Trump vom Senat freigesprochen

Politik / 05.02.2020 • 22:50 Uhr / 3 Minuten Lesezeit
Demonstrativ zerstörte die Sprecherin des Repräsentantenhauses eine Kopie des Redetextes. AFP
Demonstrativ zerstörte die Sprecherin des Repräsentantenhauses eine Kopie des Redetextes. AFP

Trump-Rede: Top-Demokratin trug Abneigung offen zur Schau.

washington Im Amtsenthebungsverfahren gegen US-Präsidenten hat der Senat Donald Trump von allen Anklagepunkten freigesprochen. Die Vorwürfe hatten gelautet: Amtsmissbrauch und Behinderung von Kongress-Ermittlungen. Präsident Donald Trump hatte zuvor bei seiner Rede zur Lage der Nation vor einem zutiefst gespaltenen US-Kongress die Erfolge seiner Amtszeit in den höchsten Tönen gelobt. „Der Zustand unserer Nation ist stärker als jemals zuvor“, sagte Trump. Seine Ansprache stand unter dem Motto „Das große amerikanische Comeback“ und war die dritte Rede zur Lage der Nation. Die Sprecherin des Repräsentantenhauses, die Demokratin Nancy Pelosi, trug ihre Verachtung für den Präsidenten und dessen Worte offen zur Schau. Sie zerriss am Ende der Ansprache das Redemanuskript. Zuvor hatte ihr Trump den Handschlag verweigert.

Handschlag verweigert

Pelosi veröffentlichte später im Kurznachrichtendienst Twitter ein Foto von der Szene und schrieb: „Demokraten werden niemals aufhören, die Hand der Freundschaft auszustrecken.“ Trumps Rede fand kurz vor der entscheidenden Sitzung im Amtsenthebungsverfahren statt. Trump erwähnte die Impeachment-Auseinandersetzung darin nicht. Der Senat begann mit seiner Abstimmung über die beiden Anklagepunkte des Repräsentantenhauses gegen 22 Uhr MEZ.

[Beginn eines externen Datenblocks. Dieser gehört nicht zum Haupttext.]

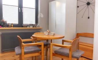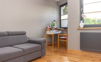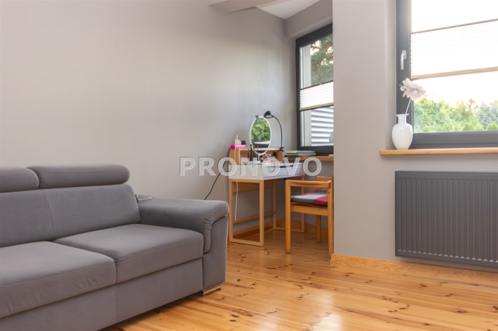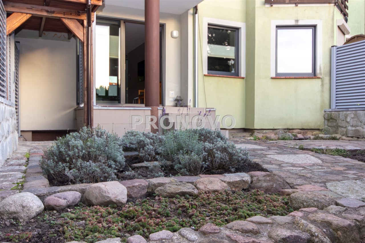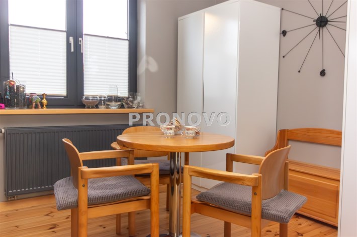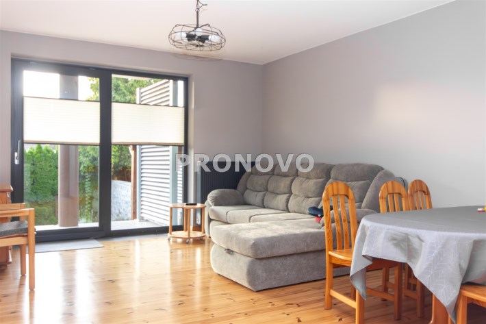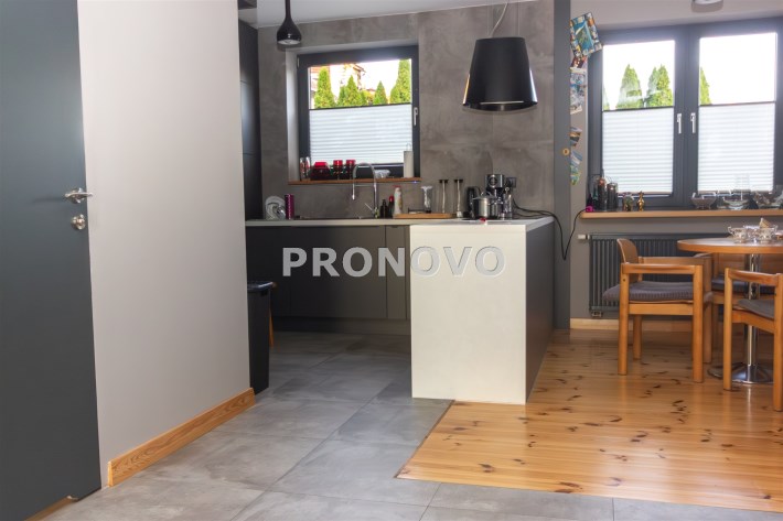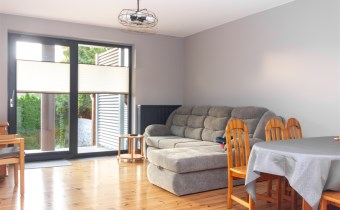 Na powierzchnię mieszkania składa się kuchnia w zabudowie , wyposażona w sprzęt AGD - pralka, suszarka, zmywarka, kuchenka, okap, piekarnik. Wydzielona jadalnia , oraz salon z wyjściem na taras i do ogrodu. Łazienka razem z wc, gdzie znajduję się wanna, toaleta, oraz miejsce gdzie znajduję się  piec gazowy- dwuobiegowy.

Mit der Mehrheit der Demokraten hatte das Repräsentantenhaus Trump im Dezember im Zusammenhang mit der Ukraine-Affäre wegen Machtmissbrauchs und Behinderung der Kongress-Ermittlungen angeklagt. Trump wird beschuldigt, den ukrainischen Präsidenten Wolodymyr Selenskyj zu Ermittlungen gegen seinen politischen Rivalen Biden gedrängt zu haben, um die US-Präsidentschaftswahl 2020 zu seinen Gunsten zu beeinflussen. Trump sprachen von einer „Hexenjagd“. Als einziger Republikaner, der gegen Trump stimmte, sorgte US-Senator Mitt Romney vor der Abstimmung für Aufregung. Trump habe etwas so „Ungeheuerliches“ getan, dass es einem schweren Verbrechen oder Vergehen gleichkomme. „Der Präsident hat eine ausländische Regierung um Ermittlungen seines politischen Rivalen gebeten“, polterte Romney.

„Wohlhabendste Gesellschaft“

Die jährliche Ansprache des Amtsinhabers vor dem US-Kongress stand in diesem Jahr eindeutig unter dem Eindruck der Präsidentschaftswahl im November. Trump konzentrierte sich insbesondere auf innenpolitische und ökonomische Themen. Die US-Wirtschaft befindet sich nach Ansicht Trumps in einem Aufschwung, der seinesgleichen suche. Die Zeit des amerikanischen Abstiegs sei vorbei, der Wohlstand wachse und die Arbeitslosigkeit sinke. Seine Regierung werde Amerika zur „wohlhabendsten Gesellschaft“ der Welt machen, versprach der Präsident.